The quality contract says:
amount > 0
currency in ISO-4217 allowlist
caseId exists in canonical case table
issuedAt >= case.openedAt
issuedAt <= now + allowed_clock_skew
A schema parser cannot infer those rules. The pipeline must encode them.
3. Core Data Quality Dimensions
Most quality rules fall into a small number of dimensions.
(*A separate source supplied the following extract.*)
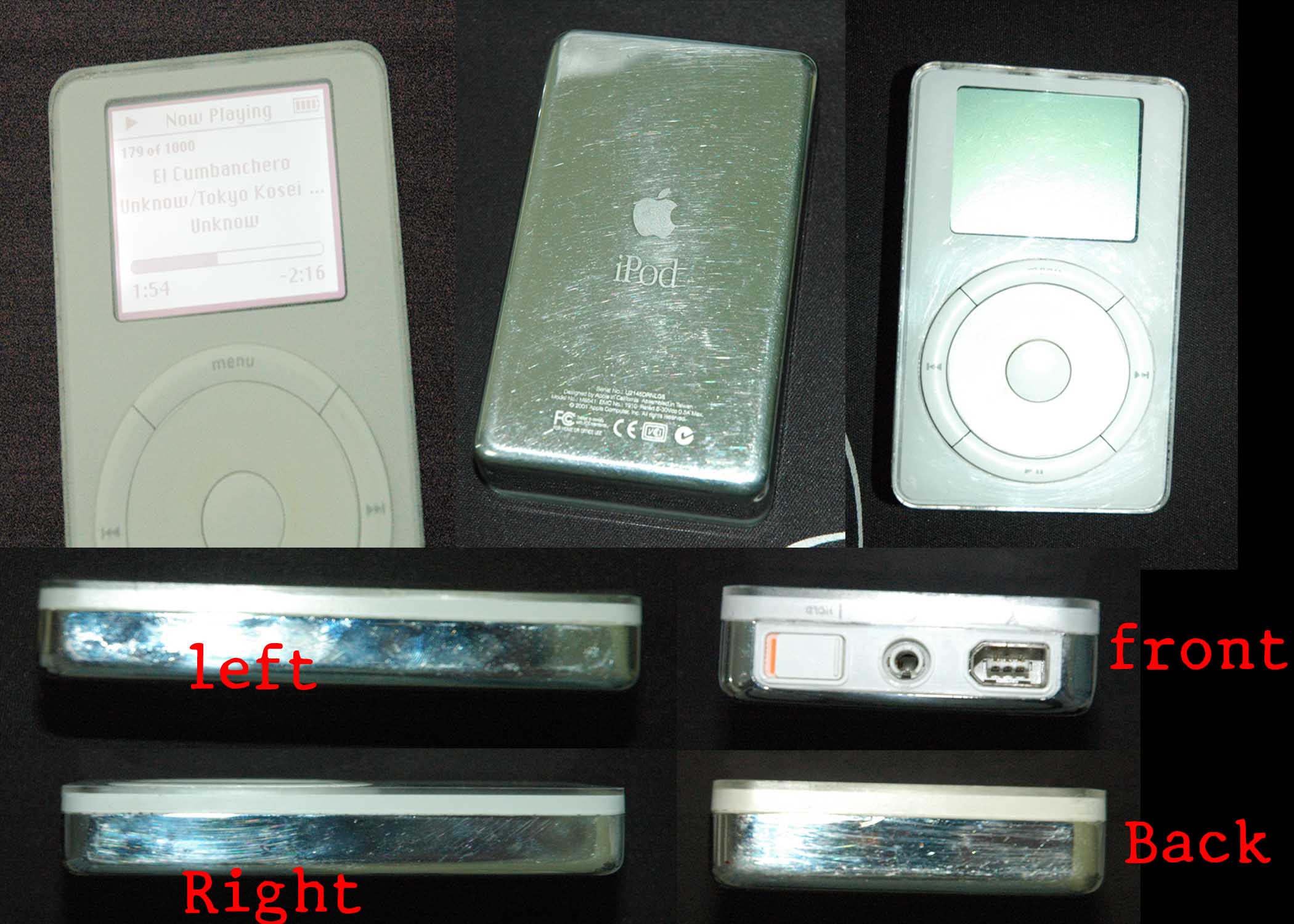 ตัวเครื่อง Ipod Gen1 5GB ซีเรียลตรงครับ HDD ไม่มีbad เป็นของมือเดียวครับ แบตเพิ่งไปเปลี่ยนก้อนใหม่มาที่ ร้านฮวก แบงค์ จ้า ลง rockbox แล้ว ลองเปิดได้ 6-7ชั่วโมงโดยประมาณครับ ฝาหลังมีรอยขน น้องแมวครับ ในรูปถ่ายไม่ค่อยชัด

| Dimension | Question | Example |
|---|---|---|
| Completeness | Is required data present? | caseId must not be blank |
| Validity | Does value match allowed domain? | status must be one of known states |
| Accuracy | Does value reflect reality? | penalty amount matches authoritative ledger |
| Consistency | Do fields agree with each other? | closedAt >= openedAt |
| Uniqueness | Is identity duplicated? | one active case per external complaint ID |
| Referential integrity | Does referenced entity exist? | officer ID exists |
| Timeliness | Is data fresh enough? | source delay under 15 minutes |
| Order correctness | Are state transitions legal? | cannot close before opening |
| Conformity | Does format follow convention? | normalized country code |
| Stability | Has distribution changed unexpectedly? | status ratio drift spike |
| Reconciliation | Does sink match source? | counts/checksums/balances match |
A good contract does not merely say “data must be high quality.” It specifies which dimensions matter for which dataset.
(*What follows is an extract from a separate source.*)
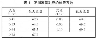 其中自变量为流量,因变量为仪表系数。当流量介于0.4~1L/s时,采用式(1)进行计算;当流量超过1.1L/s时,保持仪表系数恒为69.9。
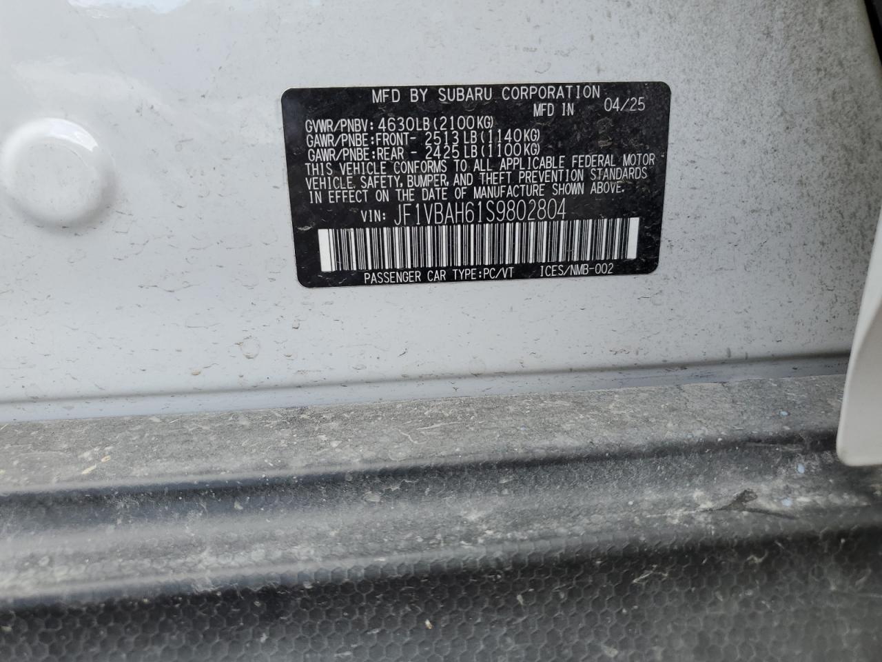 2025 SUBARU WRX - JF1VBAH61S9802804, цвет - Белый, 2.4, Бензин, Полный привод из США

4. Rule Severity: Not Every Violation Should Stop the Pipeline
A common beginner mistake is binary thinking:
valid -> process
invalid -> fail
Production systems need a richer policy.
| Severity | Meaning | Typical Action |
|---|---|---|
| Fatal | Data is unsafe; continuing corrupts output | fail batch, stop publish, page owner |
| Quarantine | Record is unsafe but pipeline can continue | route record to quarantine/DLQ |
| Warning | Suspicious but not immediately unsafe | process and emit metric/alert |
| Informational | Useful for trend monitoring | process and record observation |
| Consumer-specific | Unsafe for one consumer, safe for another | publish with quality annotation or split output |
Example:
rules:
- id: case-id-required
severity: fatal
action: quarantine_record
- id: officer-reference-missing
severity: warning
action: publish_with_quality_flag
- id: source-delay-high
severity: warning
action: alert_if_sustained
- id: total-count-reconciliation-failed
severity: fatal
action: block_partition_publish
Quality rules are not only predicates. They are predicates plus consequences.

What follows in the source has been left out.